Osteocytes communicate through three main routes: 1) direct contact via gap junctions between their cytoplasmic extensions; 2) paracrine signaling by releasing molecules such as sclerostin and osteocalcin; 3) transport through the canalicular matrix. The network works as a “bone internet” to coordinate remodeling, repair and mechanical adaptation.

🔬 How does it differ from the nervous system?

Similarities: both are cellular communication networks with dendrite-like / axon-like extensions. Key differences: osteocytes are embedded in mineralized bone matrix, signal more slowly, are mainly mechanosensory, and also communicate with distant organs (kidney, brain) through hormones. The bone connectome is structurally stable yet functionally adaptive.

🎯 Why does it matter for implant dentistry?

The osteocyte connectome is fundamental to osseointegration. Osteocytes sense the presence of the implant, coordinate the reparative response and guide bone remodeling around the implant surface. An intact network favours better healing, while damage to the connectome (excessive surgical trauma, infection) can compromise integration.
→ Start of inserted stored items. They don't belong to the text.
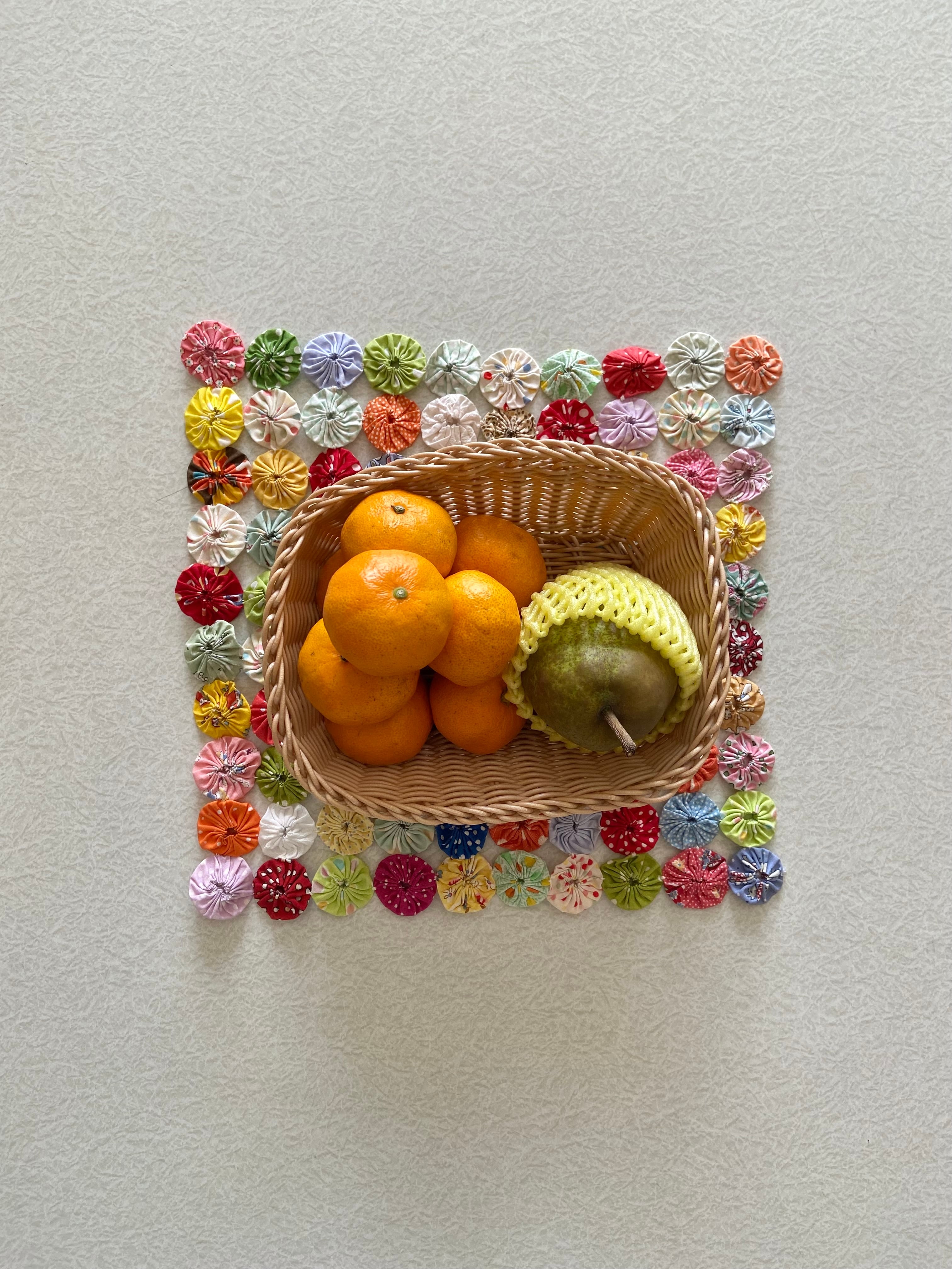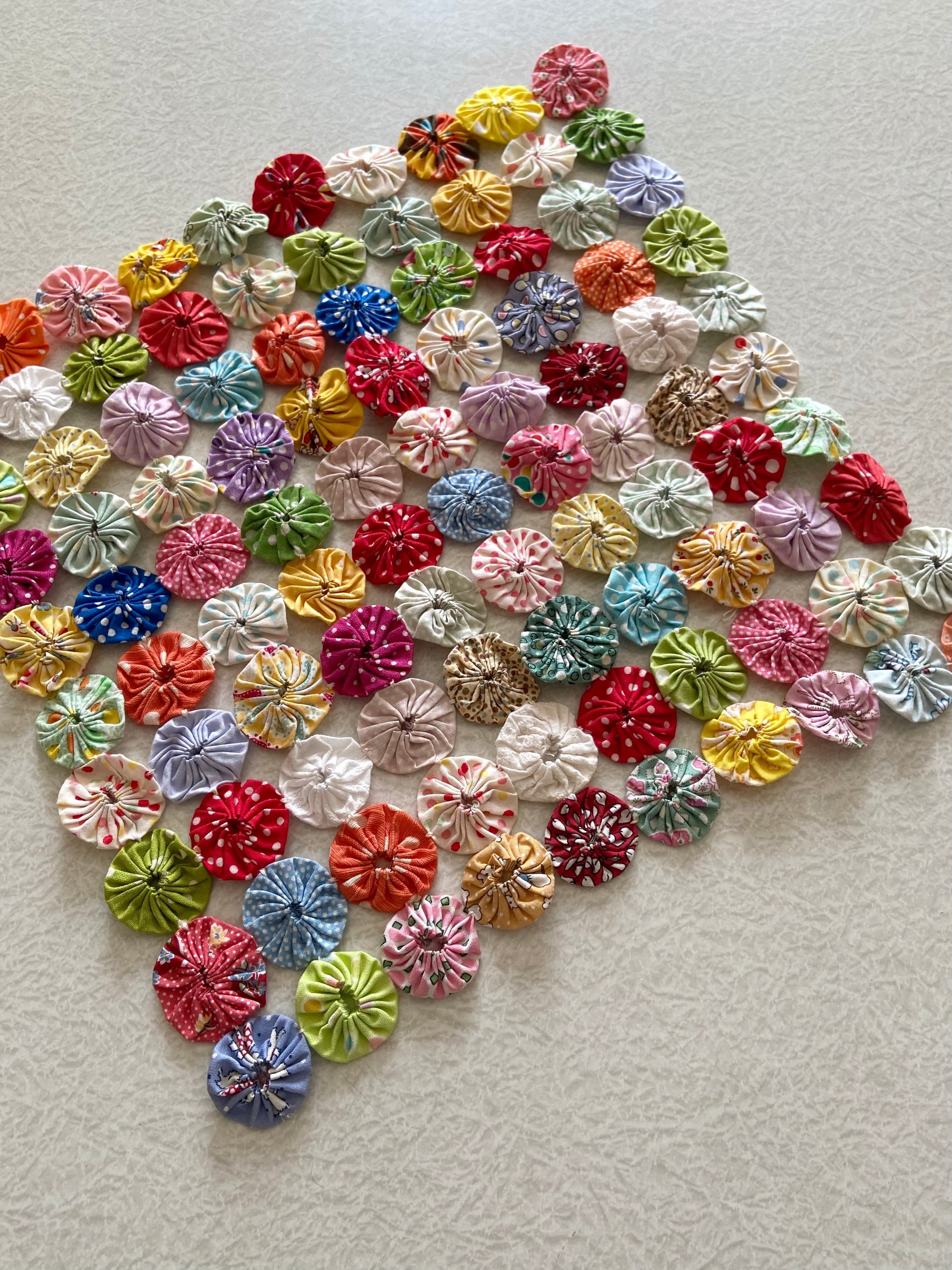 Vintage handmade yoyo quilt table mat / ヨーヨーキルト キルト ヴィンテージキルト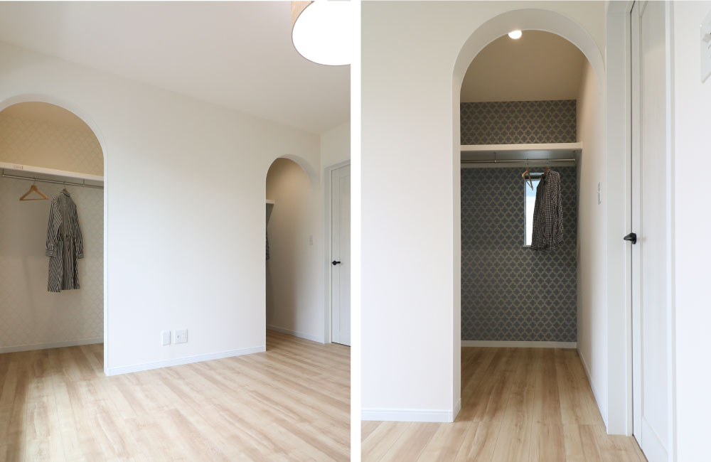1階脱衣所の横にウォークインクローゼットを設けました。浴室乾燥機を使えば、一歩で洗濯→収納を完結することができます。パジャマや子ども服・下着にタオルなど、お風呂上がりに使うものや洗う頻度が多いものを置いておけば、毎日の家事がラクにすみます。入口のR垂れ壁やヘリンボーンの床のおしゃれな空間は、めんどうな洗濯の時間も楽しい時間に変えてくれるはずです。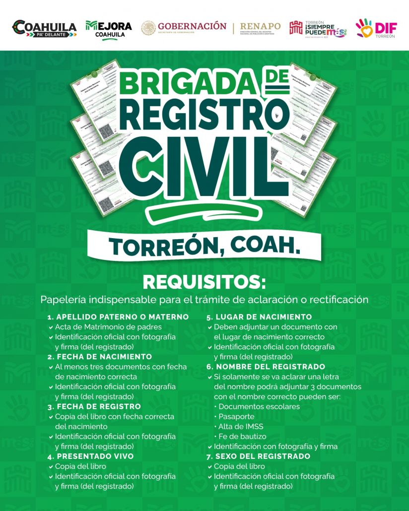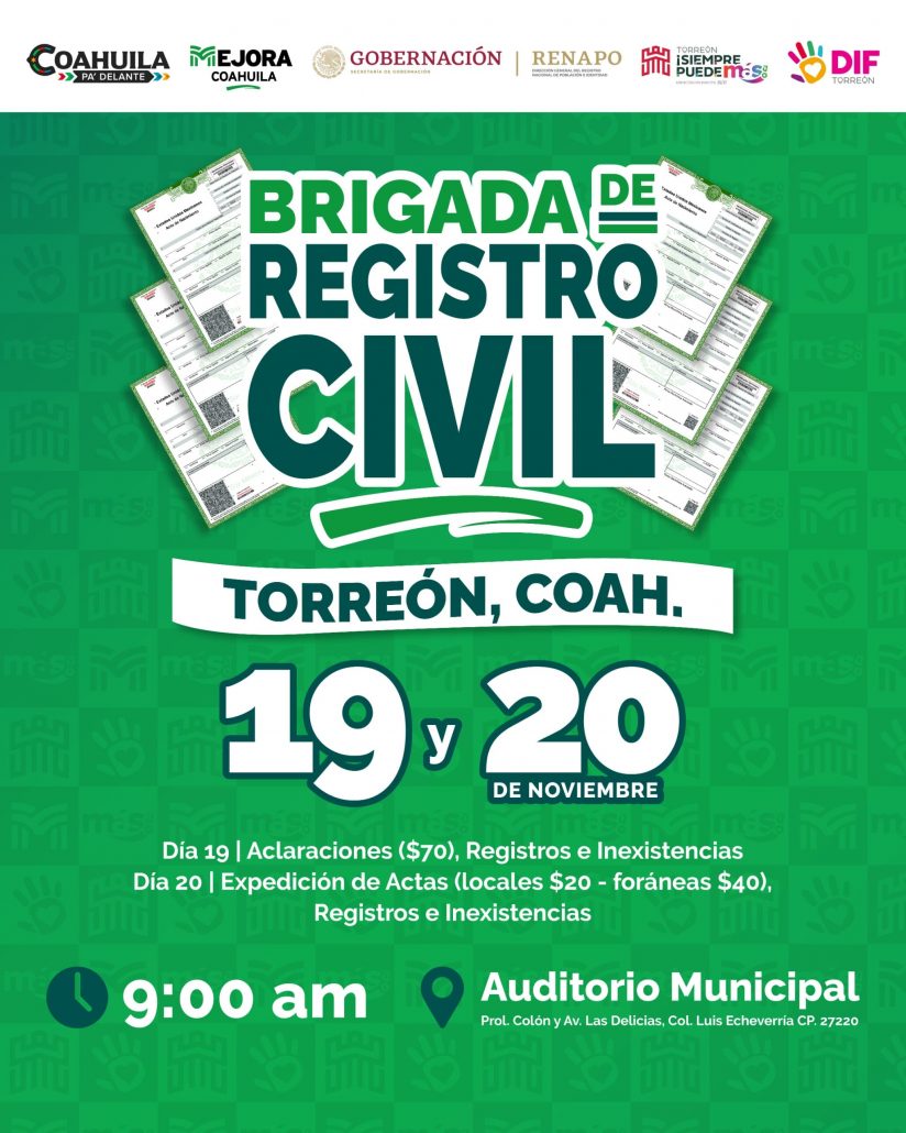 La Administración de Torreón, el Gobierno del Estado y el Registro Nacional de Población, a través del Sistema para el Desarrollo Integral de la Familia (DIF) Torreón, invitan a la ciudadanía a la próxima Brigada de Servicios del Registro Civil que se llevará a cabo los días 19 y 20 de noviembre en el Auditorio Municipal, con el propósito de facilitar a la ciudadanía la realización de trámites esenciales a bajo costo.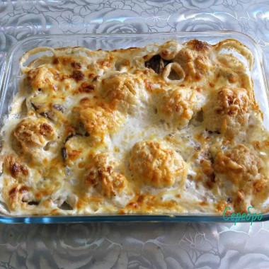Вокруг кусочков раскладываем отваренную цветную капусту.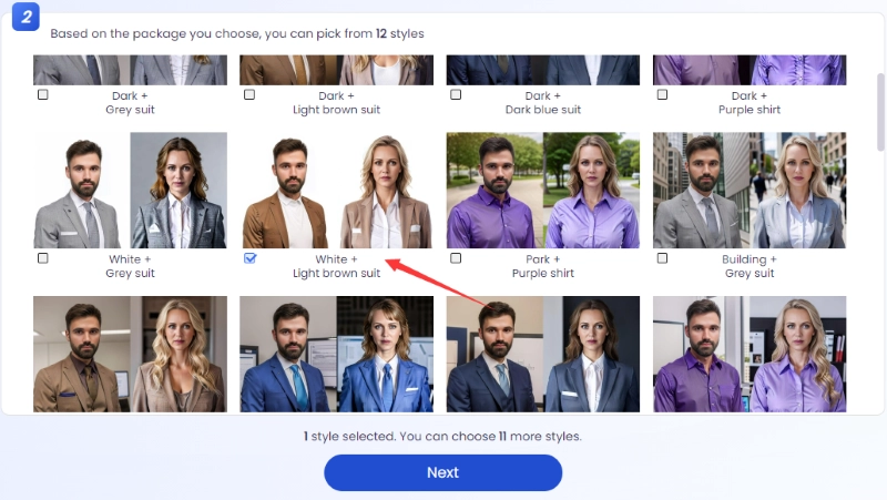 Up to 22 styles for males and females to choose from, Vidnoz headshot generator offers you multiple dressing styles(shirts and suits) and different backgrounds(office, pure white or black, library, etc.).
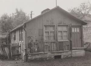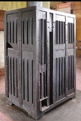 Ofen aus Eisenblech in der RAD Baracke. Der Ofen aus vernietetem Eisenblech stammt sehr wahrscheinlich genau aus dieser Baracke. Er hat keine Reguliermöglichhkeit und ist mit minimalem Materialverbrauch (Eisen) erbaut. Der Ofen entspricht nicht dem späteren Standardtyp. Das "Innenleben des Ofens (Roste, Ascheschublade) ist abgängig.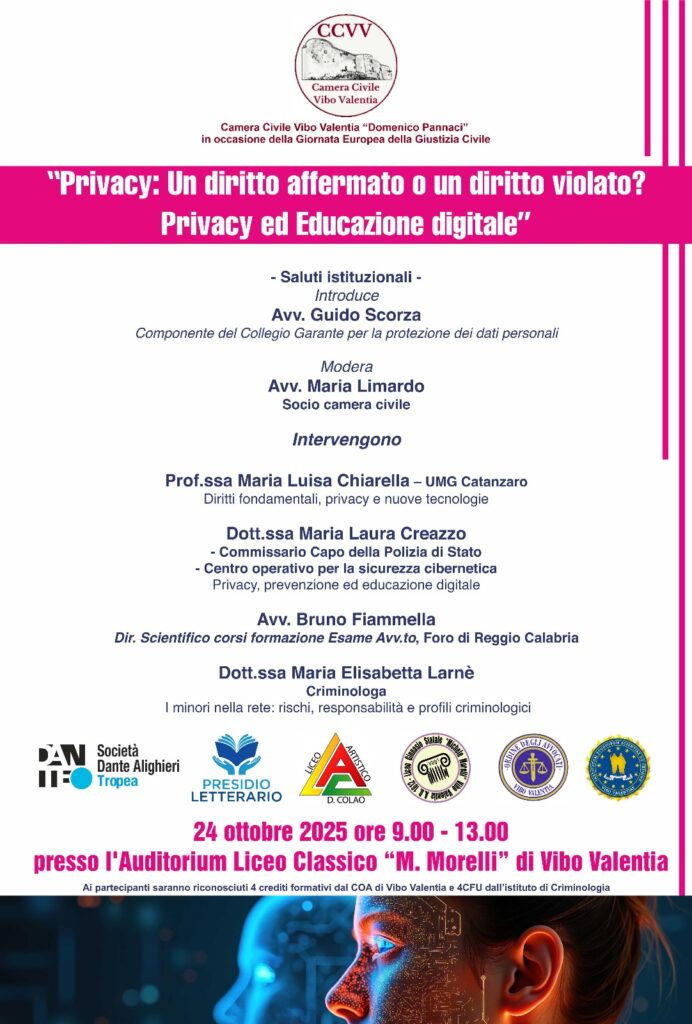 Il 24 ottobre 2025 nell’Auditorium del Liceo Classico di Vibo Valentia, in occasione della Giornata Europea della Giustizia Civile, la Camera Civile di Vibo Valentia ha organizzato l’evento: “Privacy: Un diritto affermato o un diritto violato? Privacy ed Educazione digitale“.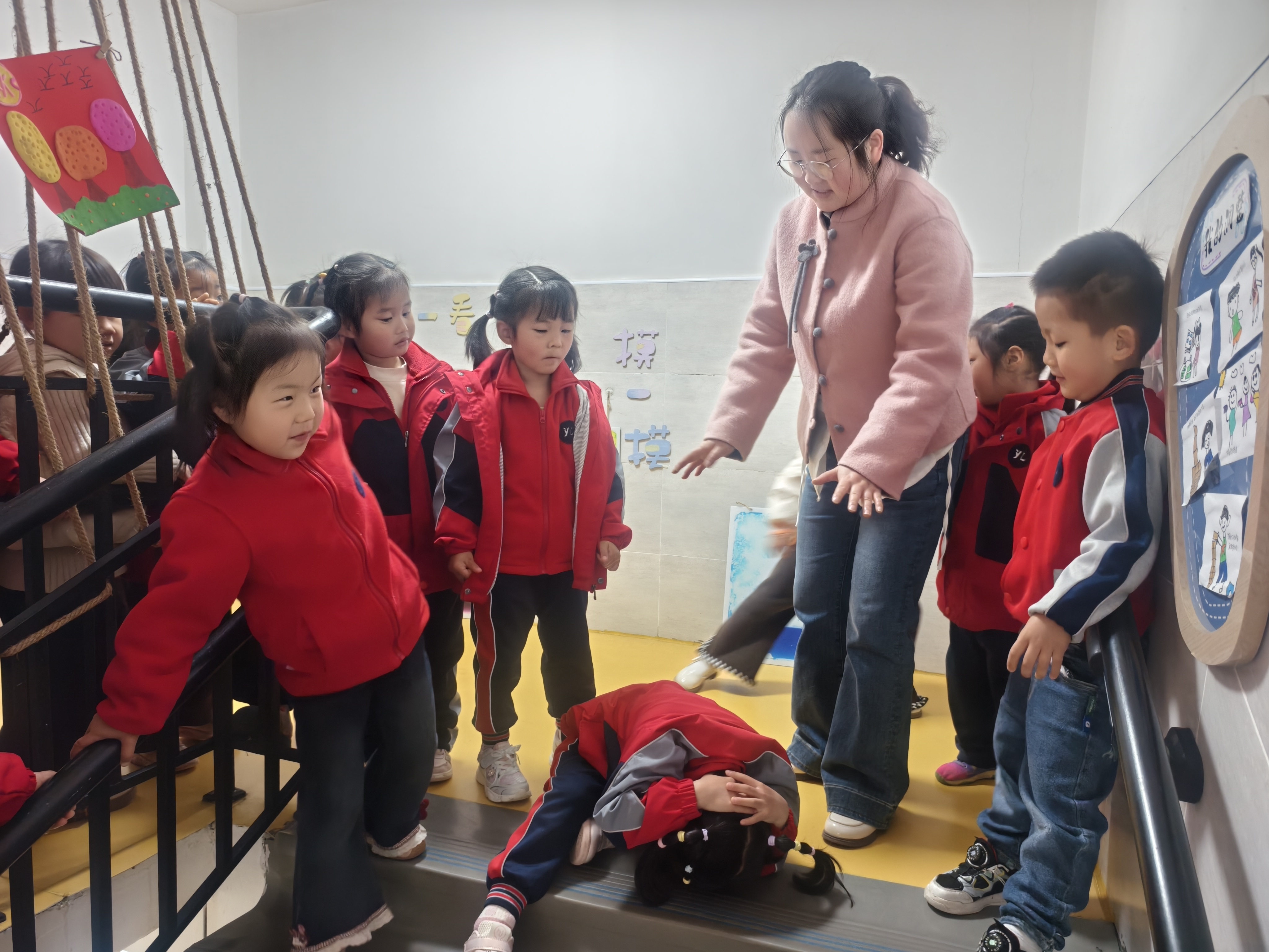 演练前,各班教师结合幼儿年龄特点,通过图片、视频演示、现场演练等方式,生动讲解踩踏事故预防要点、紧急自我保护技巧,重点强调“靠右行走、不推挤”原则,让幼儿清晰掌握安全知识。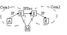 В брандмауэре сети В внешний заголовок IP удаляется, а внутренний пакет доставляется узлу В. Промежуточные маршрутизаторы видят только внешний заголовок IP.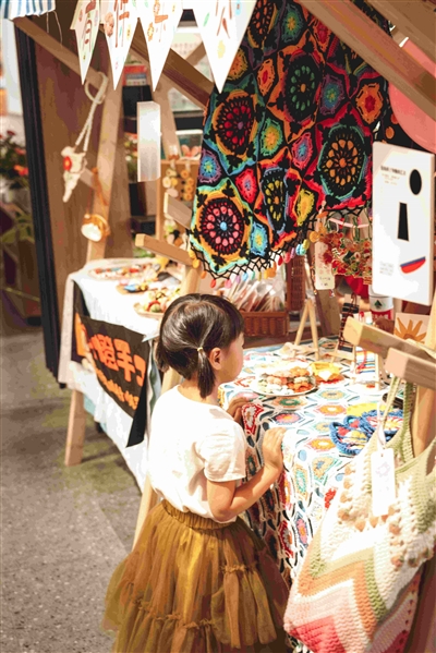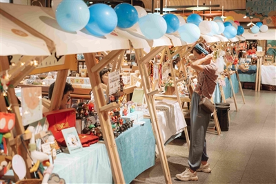 萧山新华书店市集筹备小组经过紧张周密的前期准备,在这个夏天把热闹好玩的市集带进书店,呈现在慕名而来的每一位读者眼前。非遗糖画摊位,摊主用小圆勺舀起铜桶中的糖稀,随着糖液缕缕洒下,栩栩如生的糖画形象便呈现在众人面前,令人拍案叫绝;布艺摊位,摊主现场展现灵巧手工,编制出各具特色的布艺制品,吸引了一大批读者驻足;绘画摊位,每一幅画,都好像能留住这个夏天;各式各样的摊位在书店里布置得错落有致,读者在其间买卖游玩,把对生活的创造与期待,把对美的诠释与表达,汇集在文化的空间中,让人与物在此相遇,让人与人在此交流,一起探索美好生活的定义。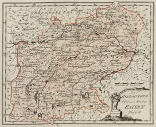 Karte des Herzogtums Ober- und Niederbayern, aus: Franz J. J. von Reilly, Schauplatz der Fünf Theile der Welt, Wien 1791. (Bayerische Staatsbibliothek, 4 Mapp. 90 m-2,1)
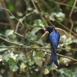 发冠卷尾是中型鸟类,体长28-35厘米。通体绒黑色缀蓝绿色金属光泽,额部具发丝状羽冠,…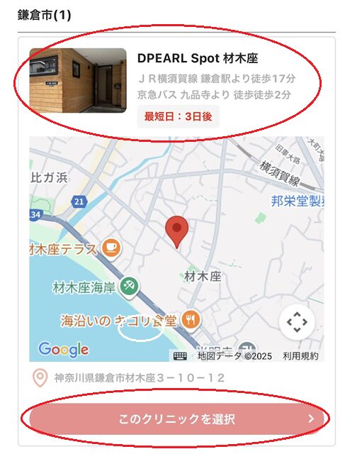 「DPEARL Spot 材木座」を選択し、「このクリニックを選択」をクリック(タップ)します。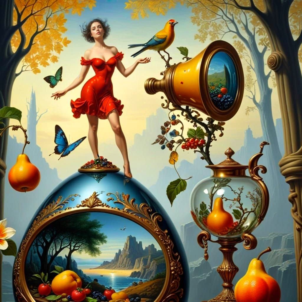 graceful female figures in fantastic surreal composition by Max Ernst, Rene Magritte, Salvador Dali, Johfra Bosschart, Evandro Schiavone, Paul Delvaux, Pablo Amaringo, Roger Dean, Patricia van Lubeck, Pieter Claesz, Clara Peeters, Jan Bruegel the Elder; hyperrealism, surrealism, eldritch, fantasy with ...

Respecting the osteocyte network is key to long-term success.

📉 How does it change with ageing?

With age, the osteocyte connectome undergoes progressive degeneration: fewer osteocytes, fewer cellular processes, loss of network connectivity. This impairs mechanosensitivity, slows remodeling and reduces reparative capacity. The result: more fragile, less responsive bone. In implant dentistry, this calls for gentler techniques and longer healing times in older patients.

🚫 What damages the osteocyte connectome?

Harmful factors include: excessive surgical trauma (overheating, excessive pressure), infection, radiotherapy, drugs such as bisphosphonates, prolonged immobilization, systemic disease (diabetes, osteoporosis). Smoking too compromises vascularization and cellular communication. Minimally invasive surgery and tissue respect protect the osteocyte network.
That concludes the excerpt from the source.